"Sizden herhangi bir ücret istemeyen bu kimselere tâbi olun, çünkü onlar hidayete ermiş kimselerdir.” (Yâsîn, 21)
Rasûlullah (sav) buyurdular:
"…Cenâb-ı Hak onların işiten kulağı, gören gözü, tutan eli, yürüyen ayağı, akleden kalbi ve konuşan dili olmuştur.” (Buhârî, Rikâk, 38)
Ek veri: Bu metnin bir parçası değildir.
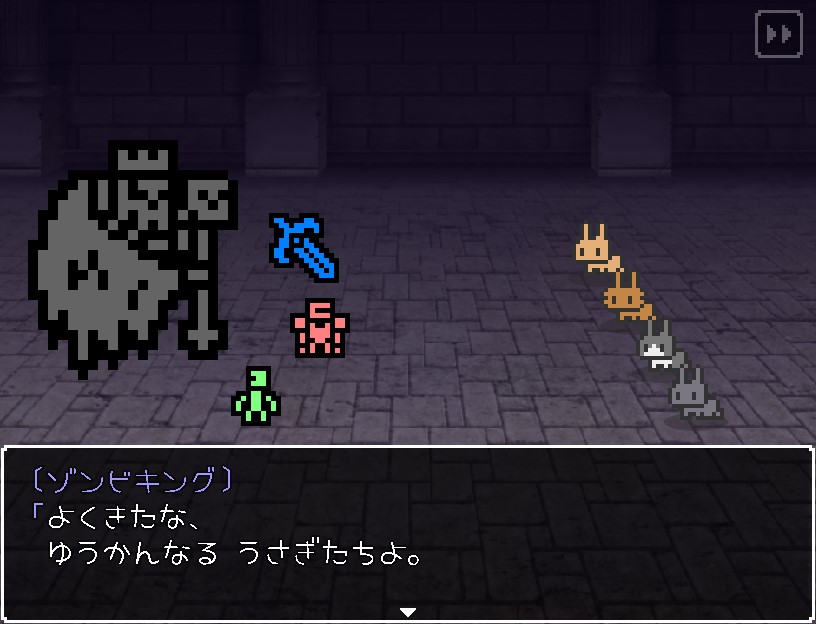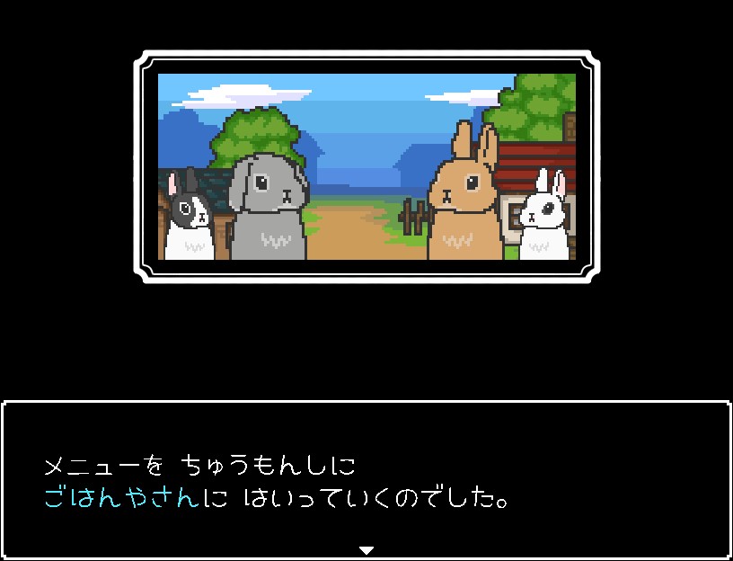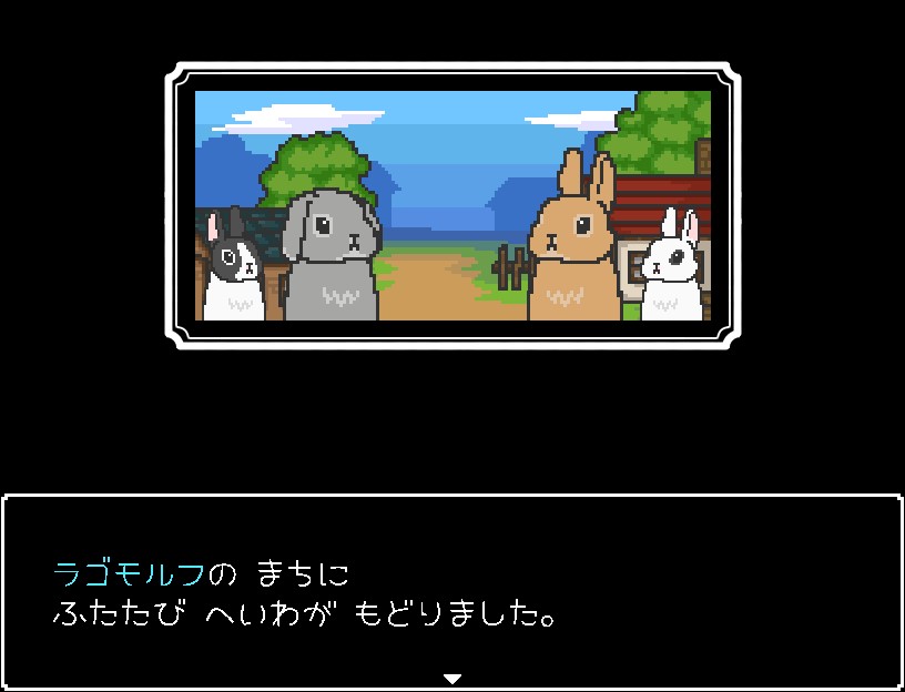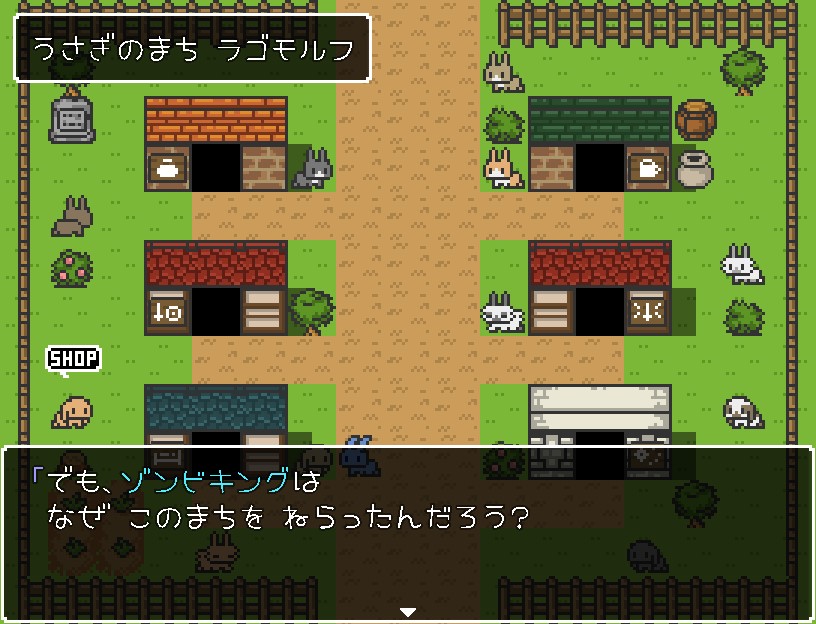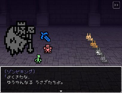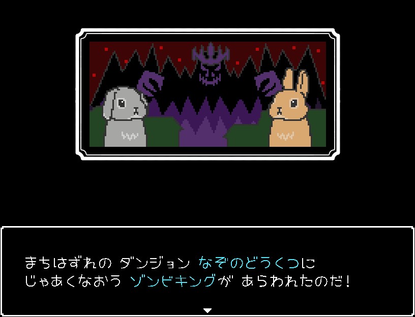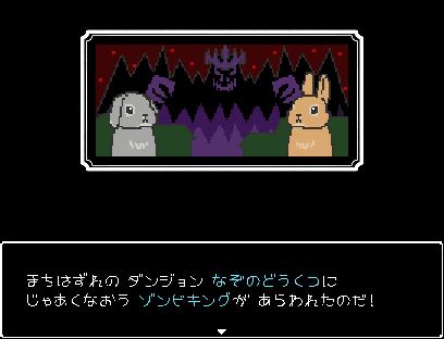 RPGツクールで制作された、うさぎが戦うRPG。ストーリーは「突如ゾンビキングという魔物の王が現れ、世界は暗雲に包まれた。平和を取り戻すべく、10匹のうさぎが立ち上がった!」という王道な内容です。
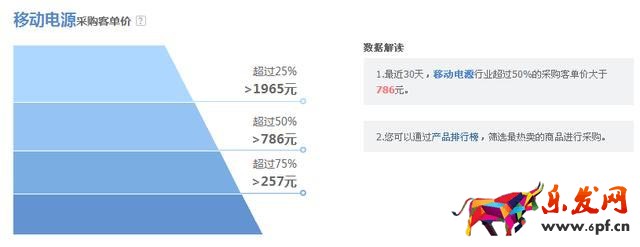 以圖可以看出,最近30天,移動(dòng)電源行業(yè)超過50%的采購客單價(jià)大于786元。您可以通過產(chǎn)品排行榜,篩選最熱賣的商品進(jìn)行采購。
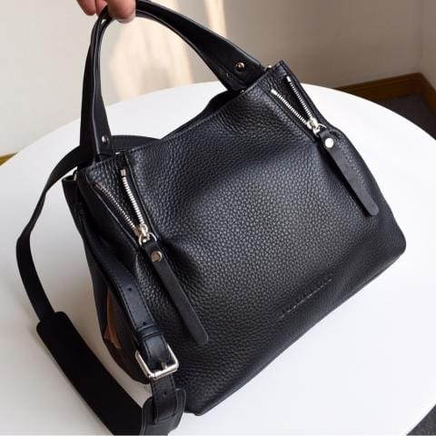 B家女士手提包变形包、原厂出的荔枝纹厚牛皮、侧边配黄麻材质、
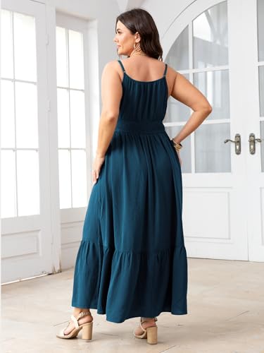 • Boho Style: This plus size maxi dress comes with a sleeveless, drawstring square neck, smocked elastic, adjustable spaghetti straps, open back detail, maxi dress with slit, long dress, slip dress, high waist, flowy ruffle hem, a-line dress, milkmaid sundress, turn heads in this flowy sun dress, accentuating your figure and creating a flattering look

Enes (ra)’ın rivâyet ettiği bir hadîs-i şerîfe göre, Allâh Teâlâ’nın bir takım gezici melekleri vardır. Bunlar dâimâ zikir ve sohbet meclislerini ararlar. Bulduklarında meclisin etrâfında halka olarak:
"–Yâ Rab! Bu kulların senin kitâbını okuyorlar, Hz. Peygamber’e salât ü selâm getiriyorlar ve Sen’den dünya ve âhiret hâcetlerini taleb ediyorlar.” derler.
Cenâb-ı Hakk:
"–Şâhid olunuz, onları afvettim.”buyurur.
Melekler:
"–Yâ Rab! İçlerinde oraya yanlışlıkla gelmiş olan falan ve filan da vardı!..” deyince Allâh Teâlâ:
"–Onlar (o sâlih ve sâdık kullar)öyle bir topluluktur ki, onlarla berâber bulunanlar şakî sayılmazlar…”(Tergîb, II. 402)
Her Güne Bir Esma-ül Hüsna (Allah’ın En Güzel İsimleri)
el-Kâbız: İmtihan için sıkan, rızkı belli bir ölçüde tutan ve o ölçüyle veren, ölüm anında kullarının can emanetini geri alan demektir.
Kısa Günün Kârı
Hak yola hidâyet olunmuş kimse, bu hayra başkasını da ulaştıran kimsedir. Eğer o kimse dâvet konusunda töhmet altında değilse, elçi olmasa da ona tâbi olmak gerekir. Kaldı ki konumuzda bahsettiğimiz bugünün hidâyete ermiş kimselerdir.